Data extracted from a collection
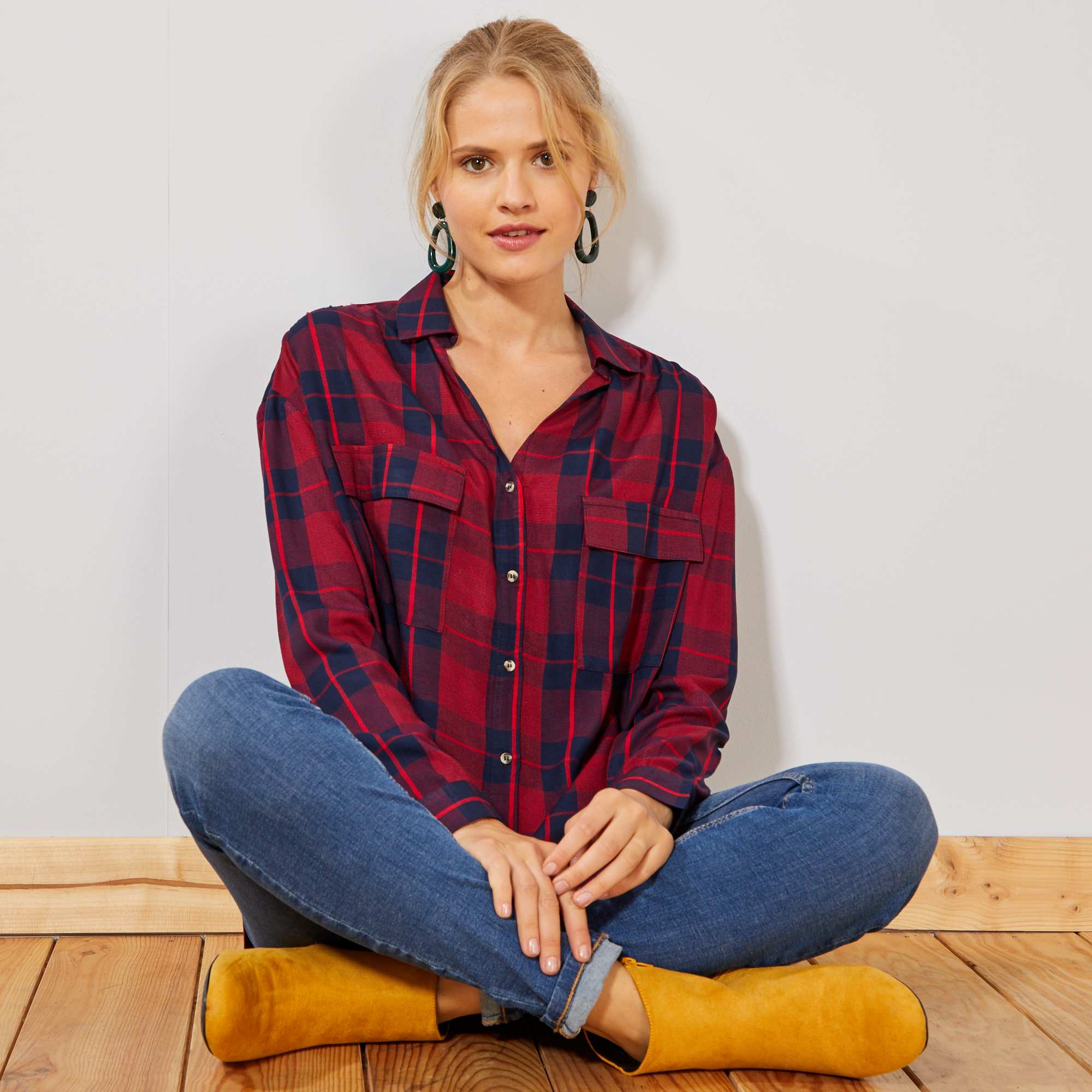 - Geruite blouse
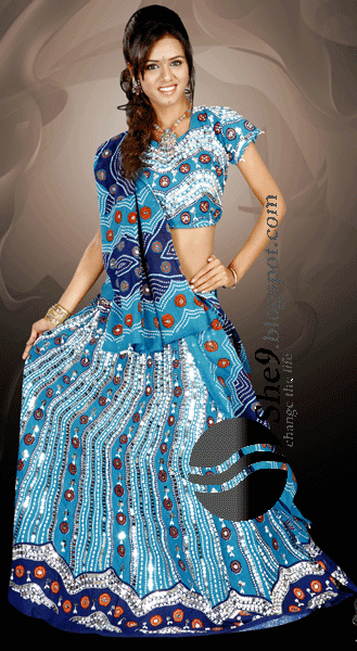 Elegant style of Indian Lehnega Choli with sparking and dark colors. This dress is decorated with sparking motif and mirrors. These types of lehenga are used in evening parties, Mehndi parties & Diwali parties also in Indian villages.
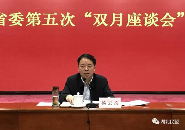 当前位置:首页 > 省盟要闻 10月18日,中共湖北省委举行双月座谈会,围绕“强化基层医疗卫生服务体系,推进健康湖北建设”工作,听取各省级民主党派、工商联和无党派人士意见、建议。会议由湖北省人民政府副省长杨云彦主持。民盟省委副主委马骏、叶春松、陈少敏、朱梅,民盟省委常委、武汉大学药学院郭鹏教授,民盟省委委员、湖北大学国际交流学院副院长张海谋教授,民盟省中医院支部主委、湖北省中医院肾病专科主任金劲松教授参加座谈会。会上,省卫生计生委主任刘英姿就全省基层医疗卫生服务体系建设进展情况作介绍。省农工党、省民革、省民进、省致公党、省九三学社代表分别作了发言。
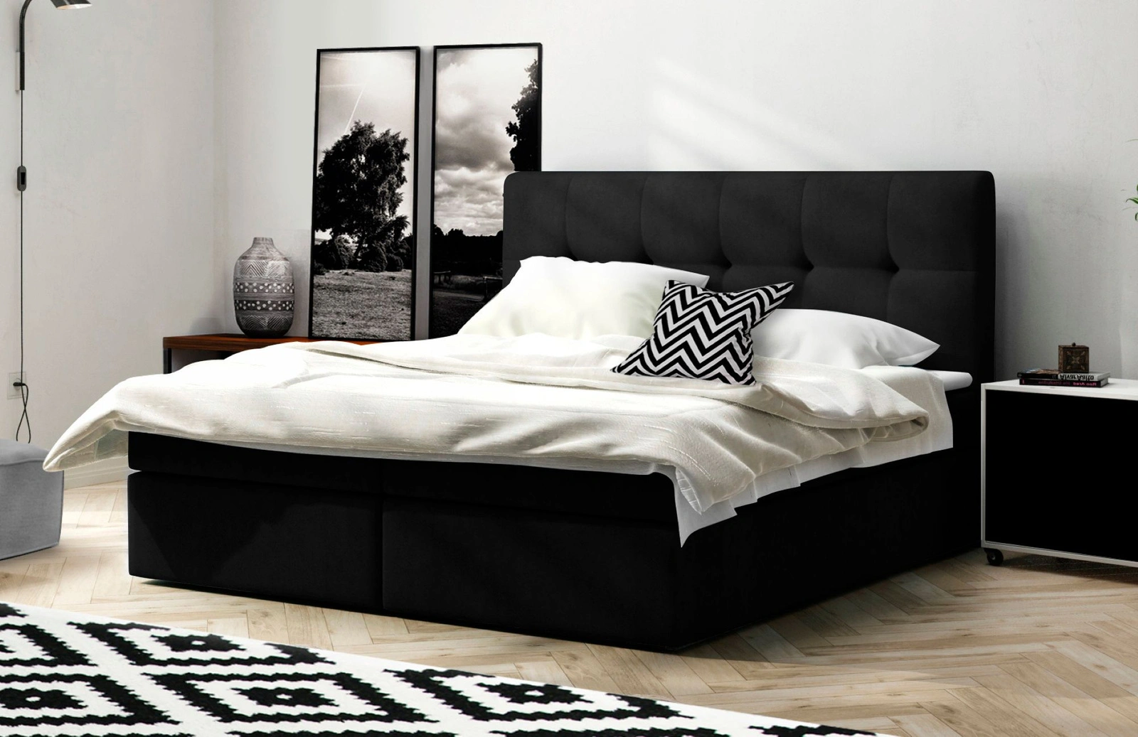 Łóżko kontynentalne boxspring z topperem i pojemnikami – maksymalna wygoda i funkcjonalność
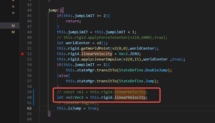 我真TMD是日了狗了,前面因为我要做二段跳,所以需要在第二次点击跳跃到时候,将linearVelocity设为0, 我使用的是将linearVelocity设置成Vec2.ZERO;这段代码就出了问题;所以老老实实的使用v2(0,0);就没问题了;

Problem to work on: Pictures in the records above are to be left out of an otherwise exact copy.

Problem solution:
 - Geruite blouse
 Elegant style of Indian Lehnega Choli with sparking and dark colors. This dress is decorated with sparking motif and mirrors. These types of lehenga are used in evening parties, Mehndi parties & Diwali parties also in Indian villages.
 当前位置:首页 > 省盟要闻 10月18日,中共湖北省委举行双月座谈会,围绕“强化基层医疗卫生服务体系,推进健康湖北建设”工作,听取各省级民主党派、工商联和无党派人士意见、建议。会议由湖北省人民政府副省长杨云彦主持。民盟省委副主委马骏、叶春松、陈少敏、朱梅,民盟省委常委、武汉大学药学院郭鹏教授,民盟省委委员、湖北大学国际交流学院副院长张海谋教授,民盟省中医院支部主委、湖北省中医院肾病专科主任金劲松教授参加座谈会。会上,省卫生计生委主任刘英姿就全省基层医疗卫生服务体系建设进展情况作介绍。省农工党、省民革、省民进、省致公党、省九三学社代表分别作了发言。
 Łóżko kontynentalne boxspring z topperem i pojemnikami – maksymalna wygoda i funkcjonalność
 我真TMD是日了狗了,前面因为我要做二段跳,所以需要在第二次点击跳跃到时候,将linearVelocity设为0, 我使用的是将linearVelocity设置成Vec2.ZERO;这段代码就出了问题;所以老老实实的使用v2(0,0);就没问题了;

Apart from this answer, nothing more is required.